İlginç bir bilgi olarak da Miami Beach bölgesine her yıl çok ciddi oranlarda, hassas ölçüm ve niteliklerle kum dökülmekte ve yükselen okyanus suyu seviyesi dolayısıyla kum sorunu ciddi bir önem teşkil etmekte. Eğer yerine yenisi dökülmezse, ortada Miami Beach diye bir yerin kalmayacağı da uzmanlarca belirtilen ve önlem alınması şiddetle vurgulanan güncel şehir sorunları arasında.

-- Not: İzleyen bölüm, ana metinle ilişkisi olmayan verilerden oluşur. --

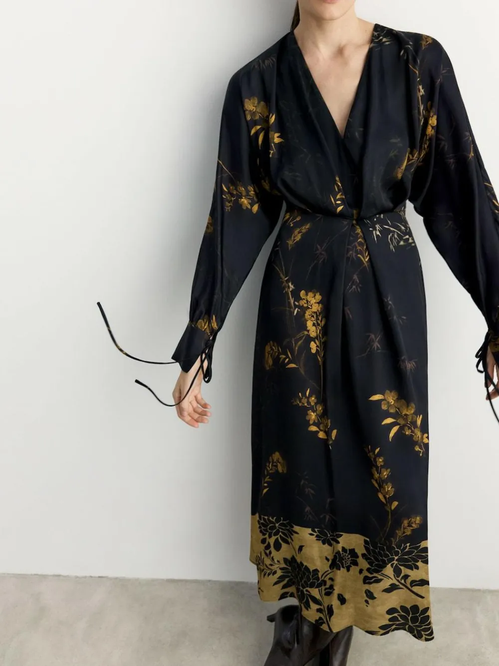 BHOEM Satin Floral Print Kimono Midi Black Dress^Women Occasion Dresses|Midi Dresses
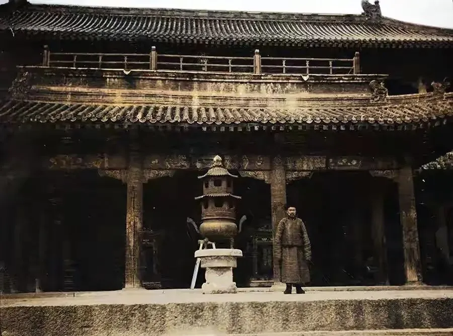 这座大雄宝殿该寺位于云州水库北岸舍身崖东麓的护国寺内,古色古香的大殿前正站着一名男子。

Sahile her yıl dökülen kumlar, okyanus kıyısını uzun mesafeler yürünecek derecede sığ yapmış olduğundan, ülkemizdeki gibi “bir iplere yüzüp dönelim” anlayışı burada pek hakim değil.
Miami: Şimdi ve sonrası
Miami, değişim üzerinden gelişen bir altyapıya sahip. Bugün şehir silüeti birçok noktada inşaat vinçleri ile süslenmekte ve burada süreç her açıdan çok hızlı ilerlemekte. Miami, dünyaca ünlü mimarların tasarımlarının inşa edildiği projelere, dünyanın sayılı zenginlerinin satın almak için sıra bekledikleri apartman dairelerine, global yatırımcıların gelecek için alternatif planlar ürettiği bölgelere ev sahipliği yapmakta. Aynı zamanda gün geçtikçe sayısı hızla artmakta olan birçok uluslararası sanat ve tasarım içerikli fuarlar ve gösteriler de şehrin popülerliğini ve kozmopolitliğini farklı platformlara taşımakta.